Dos días más tarde, Rosa se dirigía hacia el hospital con la clara intención de visitar a Alfonso. Nada más penetrar en el pasillo que daba a su habitación, se cruzó con el doctor Anglada, el cual acababa de examinar al paciente.

—Ah, doctor. ¿Me recuerda? Estuvimos el otro día charlando…

—Cierto, señorita. Y a todo esto, ¿puede saberse qué hace aquí?

—Pues ya se imaginará, tan solo quería conocer el estado de salud de mi novio.

—En la cuestión médica, parece haberse estabilizado.

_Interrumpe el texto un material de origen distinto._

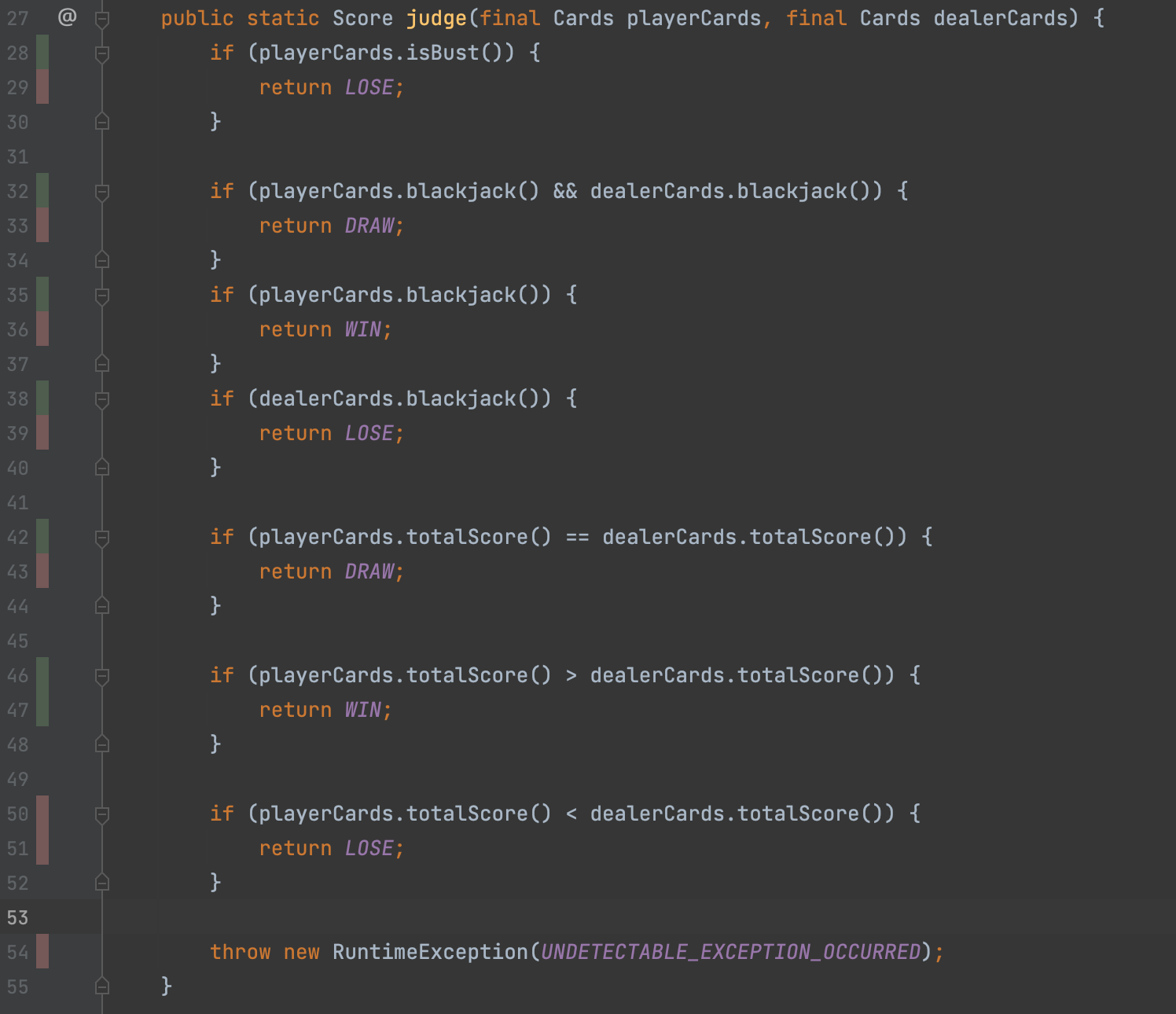 public static Score judge(final Cards playerCards, final Cards dealerCards) {
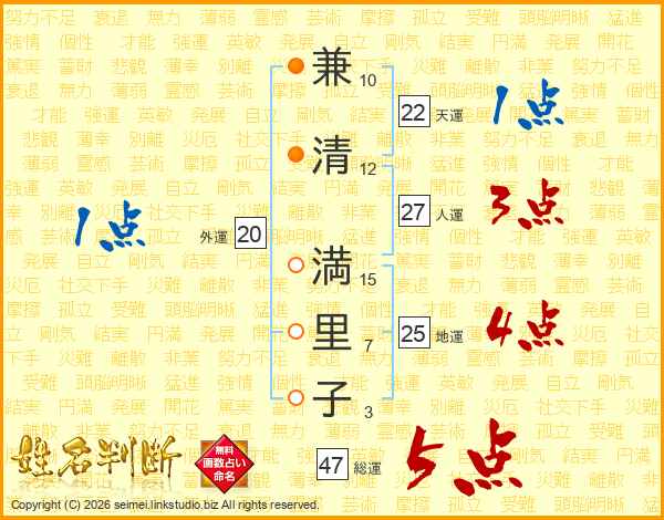 兼(10画)清(12画) 満(15画)里(7画)子(3画)
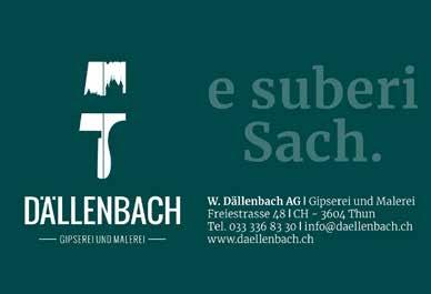 Werbung 071 333 15 90 SANIEREN RENOVIEREN UMBAUEN www.kundenmaurer.ch Gfeller Holzbau GmbH | Bollstrasse 63 | 3076 Worb | Tel. 031 839 55 61 | gfeller-holzbau.ch Holzbau | Zimmerarbeiten | Umbau | Holzsystembau | Fassaden | Terrassenböden | Innenausbau | Türen | Schreinerarbeiten | Parkett | Treppenbau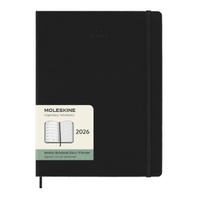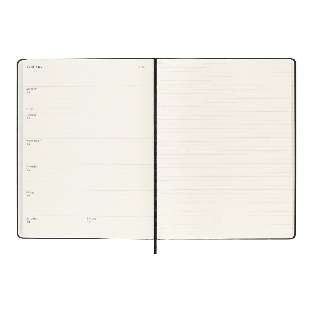 MOLESKINE Határidőnapló 2026 12 hónap, Heti, kemény borító, FEKETE (XL)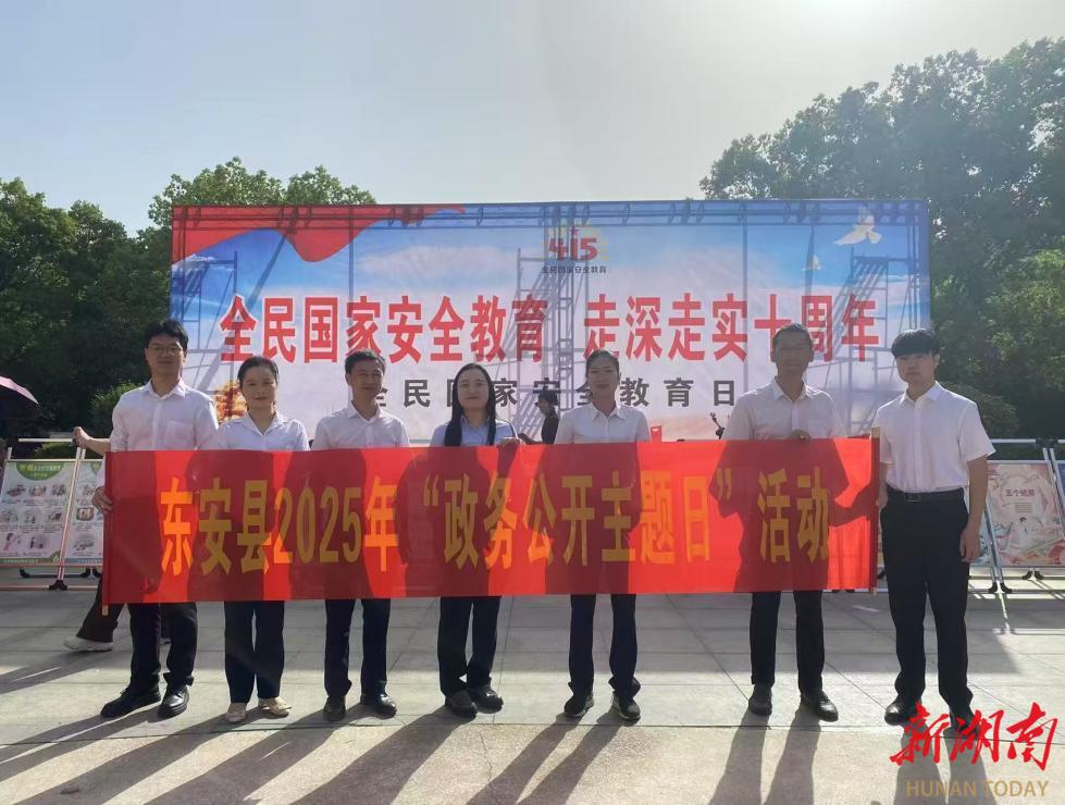 新湖南客户端讯(通讯员 唐浩钧 王亚荣)4月15日,正值全民国家安全教育日,东安县数据局在县体育坪广场举办了以“数据安全与政务服务”为主题的政务公开主题日活动。此次活动旨在提高公众对数据安全的认识,推广“湘易办”平台,介绍“高效办成一件事”的服务理念,并宣传社会信用体系建设的相关政策。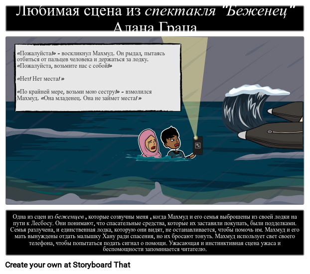 «Пожалуйста!» - воскликнул Махмуд. Он рыдал, пытаясь отбиться от пальцев человека и держаться за лодку. «Пожалуйста, возьмите нас с собой!» «Нет! Нет места! » «По крайней мере, возьми мою сестру!» - взмолился Махмуд. «Она младенец. Она не займет места! »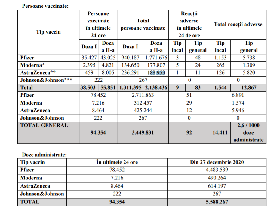 3.449.831 de persoane au fost imunizate cu una sau două doze de la debutul campaniei de vaccinare, dintre care 2.138.436 cu ambele doze.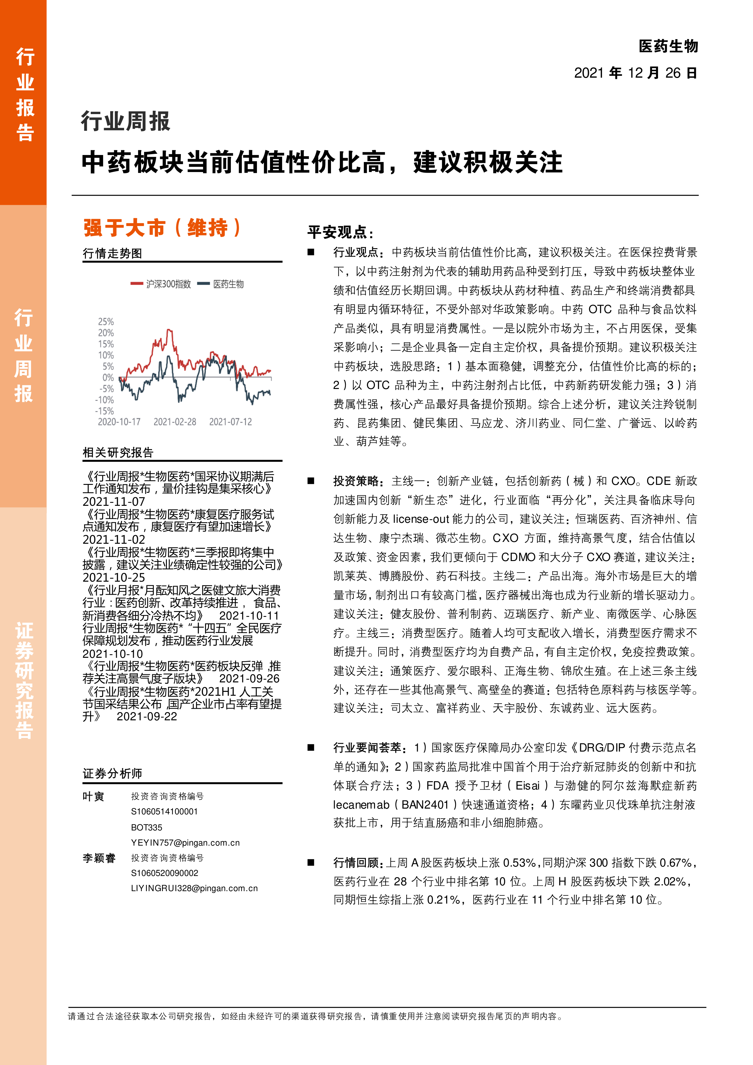 行业观点:中药板块当前估值性价比高,建议积极关注。在医保控费背景下,以中药注射剂为代表的辅助用药品种受到打压,导致中药板块整体业绩和估值经历长期回调。中药板块从药材种植、药品生产和终端消费都具有明显内循环特征,不受外部对华政策影响。中药OTC品种与食品饮料产品类似,具有明显消费属性。一是以院外市场为主,不占用医保,受集采影响小;二是企业具备一定自主定价权,具备提价预期。建议积极关注中药板块,选股思路:1)基本面稳健,调整充分,估值性价比高的标的;2)以OTC品种为主,中药注射剂占比低,中药新药研发能力强;3)消费属性强,核心产品最好具备提价预期。综合上述分析,建议关注羚锐制药、昆药集团、健民集团、马应龙、济川药业、同仁堂、广誉远、以岭药业、葫芦娃等。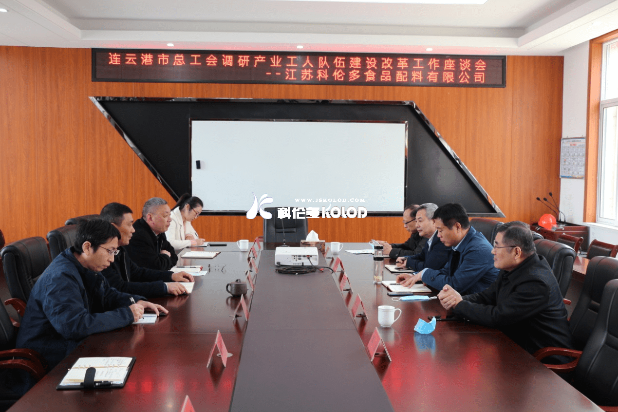 2020年4月14日,連云港市總工會(huì)黨組書(shū)記、副主席丁維杰帶領(lǐng)市總工會(huì)相關(guān)領(lǐng)導(dǎo)一行8人,蒞臨江蘇科倫多食品配料有限公司,調(diào)研產(chǎn)業(yè)工人隊(duì)伍建設(shè)改革工作座談會(huì),灌云縣總工會(huì)主席徐順達(dá)陪同調(diào)研。首先由科倫多董事長(zhǎng)封寬裕進(jìn)行匯報(bào),通過(guò)公司人才隊(duì)伍建設(shè)、人員福利待遇、員工保障、公司長(zhǎng)期規(guī)范建設(shè)等多個(gè)方面進(jìn)行了匯報(bào),隨后丁書(shū)記表示,科倫多公司在工人隊(duì)伍建設(shè)這塊是走在全市民營(yíng)企業(yè)前列的,保障了員工利益,同時(shí)也貢獻(xiàn)了社會(huì),公司制度完善,政治站位極高,希望公司有序推進(jìn),取得更高的進(jìn)展。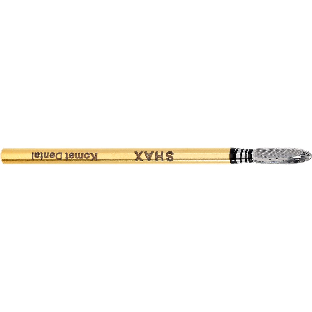 Shax are new generation of tungsten carbide cutters, for work on non-precious metals and model cast alloys. The active part is provided with a unique blade geometry where each tooth has its own individual height and depth. These cutters remove large amounts of material while creating a perfectly smooth finish on metal surfaces. H139SHAX, HP 104 shank for straight lab handpiece, size 023 (2.3mm) diameter with 8mm working length. For non-precious metal and model cast alloys.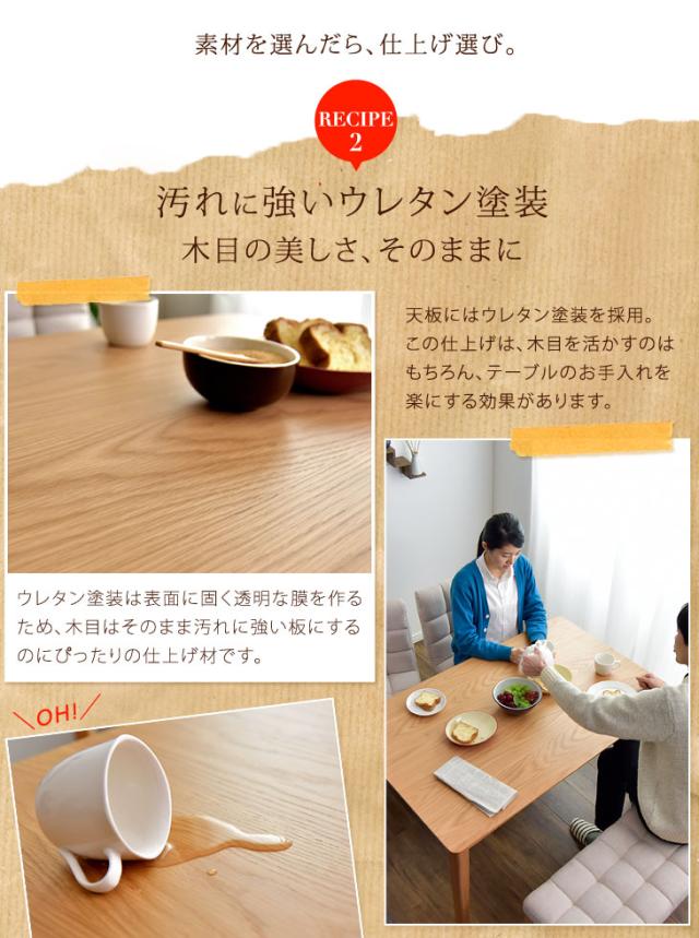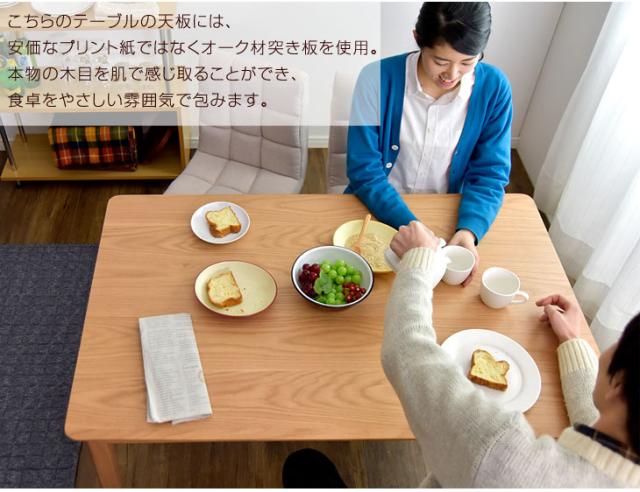 | 素材 | 天板:天然木化粧繊維板(オーク材)、ウレタン樹脂塗装 脚部:ラバーウッド(ラッカー塗装) | |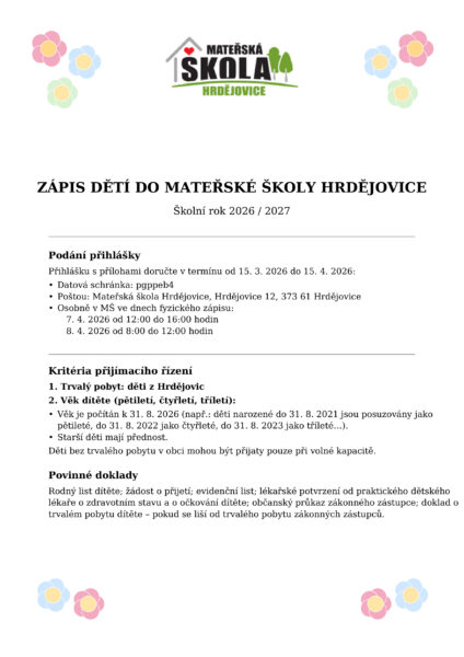 Kritéria k přijímacímu řízení 2026/2027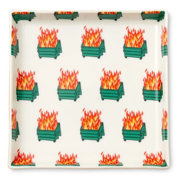 - Square trinket tray features a raised edge and funny dumpster fire design.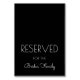 Black reserved place cards to fold in half after purchase. Modern printed white text, and script for the bottom line, this custom black and white standing card can be used to reserve seating for any group - bride's family, bridal party, etc., or person - mother of the bride, bride's sister, etc. Use on reception tables, or ceremony chairs, or anywhere a seat needs to be saved.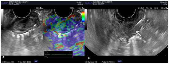 (A) EUS image revealing a submucosal lesion in the second part of the duodenum, mixed at elastography (arrow-mixed pattern of the lesion). (B) EUS guided-biopsy through EUS-FNB (arrow-needle inside the lesion).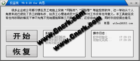 反监视(UnControl) V9.12.16 简体中文绿色免费版 很多企业或公司都习惯在员工电脑上安装“网路岗”、“网路警”等监控类软件,这一举动从个人角度来说已侵犯了员工的隐私权,给员工心理造成巨大压力,并对工作没有任何意义。被安装这类软件后,员工电脑上的所有操作如QQ聊天记录、UC聊天记录、飞信聊天记录、上网记录等等。。都有会赤裸裸地展现在老板的眼皮底下!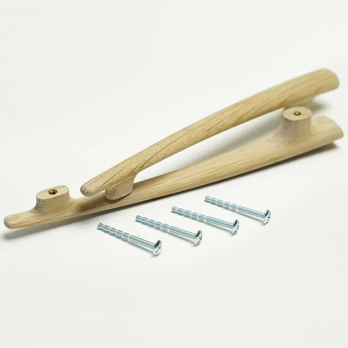 Premium craftsmanship. furniture handle The wooden Bow HL-004 is made from high-quality wood of two types: oak and beech. Oak is a hard and durable wood, distinguished by high wear resistance and longevity. Beech is a light and flexible wood with a smooth and even surface. Both types of wood have a beautiful texture and natural color, enhanced by special processing and coating. The wooden furniture handle Bow HL-004 is attached to furniture using reliable metal elements that ensure stability and safety.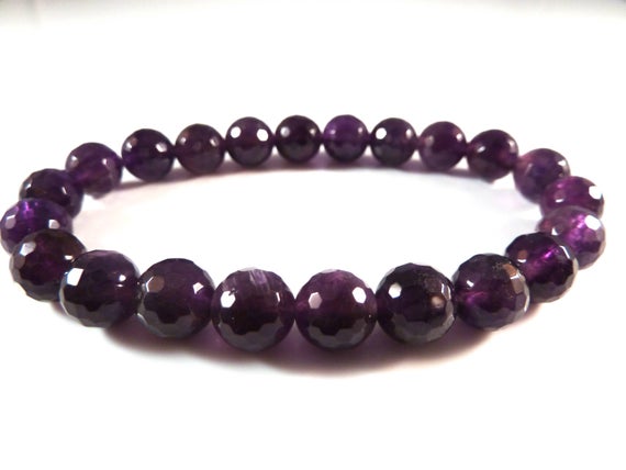 At a Great Pricelove beach youth 8mm Stretchable Purple Amethyst Bracelet Round, Faceted 7" for mens, womens, gf, bf & Adult.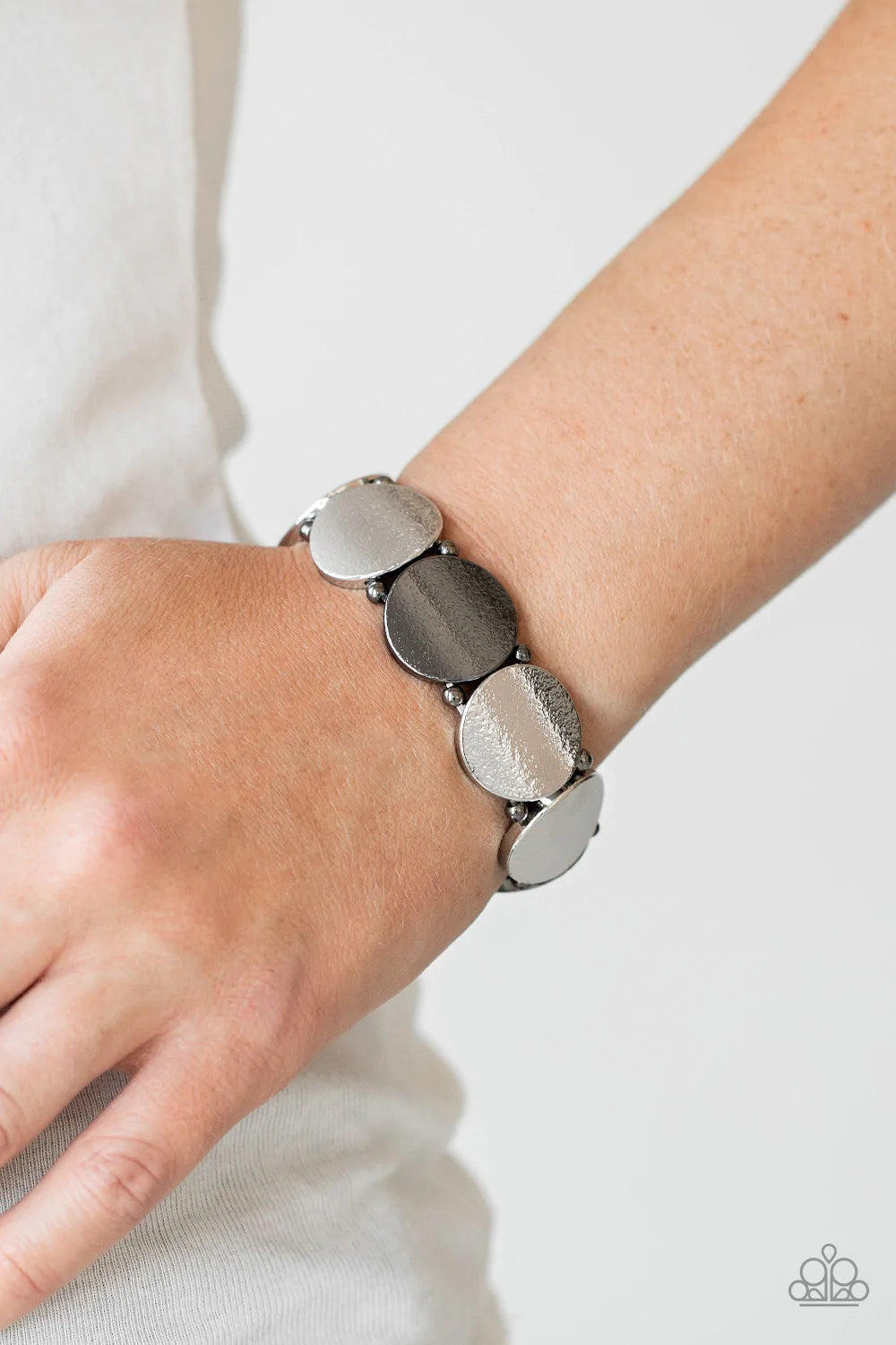 Infused with pairs of dainty gunmetal beads, delicately hammered gunmetal and silver discs slide along a stretchy band around the wrist for a hint of industrial flavor.

Por ahora, no se ha presentado ningún cuadro infeccioso serio. Aún se halla dolorido, incómodo, pero después de lo que ha pasado y conforme transcurran las jornadas irá a mejor. Otra cosa es el tema de su cabeza. Es curioso, no hay lesiones en su cerebro, pero me temo que su visión del mundo va a ser una herida abierta que tarde mucho en cicatrizarse.